The following scientific highlights have been selected to showcase key findings across several therapeutic areas. The research abstracts summarised were presented at various congresses EMJ had the pleasure of attending, and were all award-winning, late-breaking, or highly commended innovative abstracts.
Citation: EMJ Innov. 2024;8[1]:18-26. DOI/10.33590/emjinnov/10307465. https://doi.org/10.33590/emjinnov/10307465.
ChatGPT Can Improve Imaging Report Readability for Patients
NATURAL language processing models could be used to provide concise summaries of radiology reports so that they are more accessible for patient interpretation, according to award-winning research presented at the European Congress of Radiology (ECR) 2023, which took place in Vienna, Austria, between 1st–5th March 2023.
Researchers explored whether ChatGPT (OpenAI, San Francisco, California, USA) could be used to reword radiology reports to increase readability, reduce complexity, and explain medical jargon in an understandable format for patients. To do this, the team used a mixture of 30 CT-positive and normal scan reports (abdominal CT [n=10], chest CT/CTPA [n=10], trauma pan CT scan [n=10]). Selection took place at random over a 1-week period from a tertiary hospital medical imaging department. Of the selected scans, six were reported by a consultant radiologist, 14 by senior radiology registrars, and 10 by junior registrars.
Following selection, ChatGPT was tasked with completing a revised version of the report conclusions. It was asked to do this without changing the meaning of the original, and to revise the report so that it could be understood by a person aged 14 years. Reports were evaluated using the Flesch Kincaid Reading Ease (FKRE) score. After calculating the mean and standard deviation of FKRE scores, a paired t-test was used to compare the means of the original radiologist and ChatGPT reports. The simplified reports were reviewed by a consultant radiologist and radiology registrar to ensure accuracy and context retention.

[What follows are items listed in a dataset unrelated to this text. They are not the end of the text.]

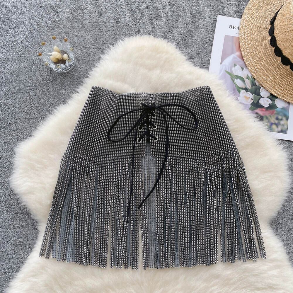 セクシーなウエストストラップフルダイヤモンドテルスカート女性ハイウエスト痩身ステージパーマンス服ショートスカート ハイウェスト jie30939792904
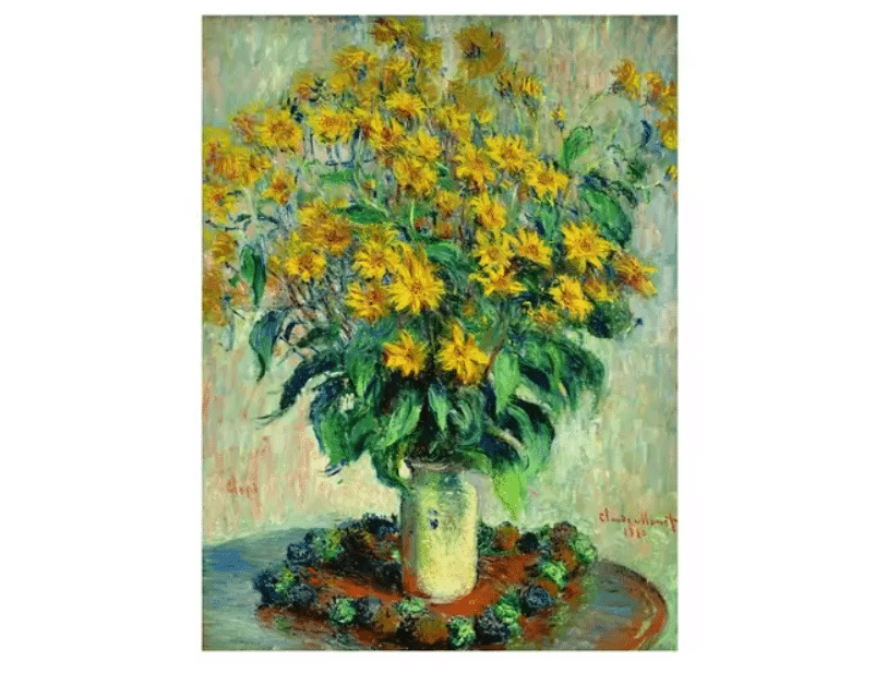 Jerusalem Artichoke Flowers es una de las obras menos conocidas de Monet. Fue pintado en 1880 y ahora se puede encontrar en la Colección Chester Dale de la Galería Nacional de Washington.
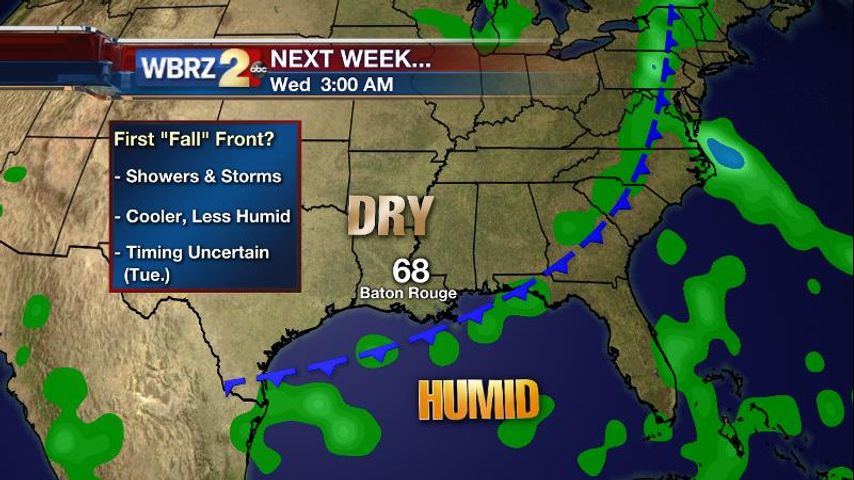 Up Next: Over the weekend, above average temperatures will continue with highs in the low 90s and lows in the low 70s. Afternoons will feature partly sunny skies and only isolated showers—with considerably lower rain chances away from the coastal parishes. Early next week, we’ll be tracking a cold front sliding eastward across the country. Right now, it is unclear whether or not this front will fully clear the area and bring cooler temperatures and lower humidity. There is better confidence that in its slow approach, rain and thunderstorm activity will increase into midweek.
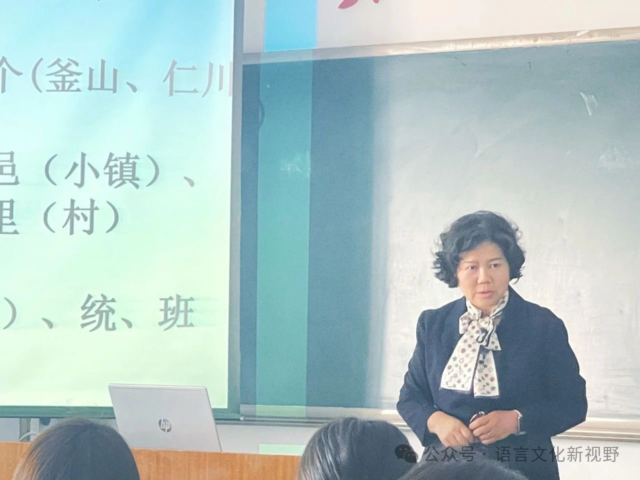 会上,朴英姬教授为老师们作主题讲座。通过现场教学,朴教授向在场老师现场教学韩国语的基本发音和日常问候用语。随后,朴教授详细介绍了韩国的自然地理、历史发展、行政区划等信息。朴教授还结合自身经验和现实案例,向参与此次讲座的老师们重点介绍了韩国海洋大学、韩国仁济大学博士研究生入学条件等信息,并为老师们提供了生动真实的案例。
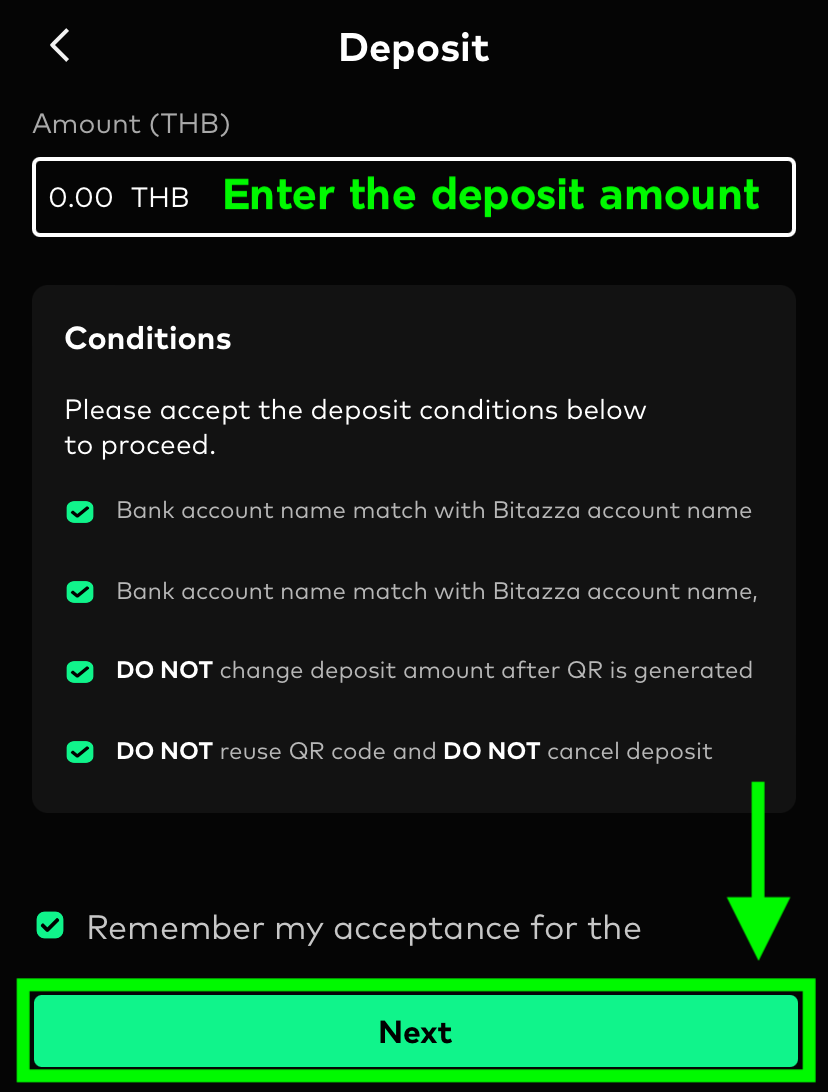 2. Enter the amount of THB you wish to deposit, then click to accept the deposit conditions and click Next.

The results revealed that following ChatGPT simplification of original reports, average FKRE score increased from 20.3 (standard deviation: 17.1) to 65.2 (standard deviation: 15.7), equating to a change in reading level from that expected of university educated graduates to a level appropriate for 12-year-old school children. Whilst the overall report readability improved, there were six reports for which no readability improvement occurred. In these instances, two reports were from trauma pan scans with multiple positive findings, and two other reports were short and deemed not suitable for simplification.
The researchers concluded that natural language processing models such as ChatGPT can create simplified summaries of radiology reports to optimise their readability and interpretation by patients. A limitation is that additional inappropriate and potentially incorrect information can be added into reports by these models. Thus, there does remain a requirement for oversight by a radiologist.
Deep Learning Models Predict Outcomes Following Liver Transplant
DEEP learning models can efficiently predict major adverse cardiovascular events (MACE) following liver transplantation (LT), according to new research presented at the European Association for the Study of the Liver (EASL) Congress 2023, held in Vienna, Austria. The team, from the University of Texas Health Science Center in Houston, USA, and Mayo Clinic, Jacksonville, Florida, USA, aimed to develop and validate deep learning models’ ability to predict post-transplantation MACE among patients undergoing LT.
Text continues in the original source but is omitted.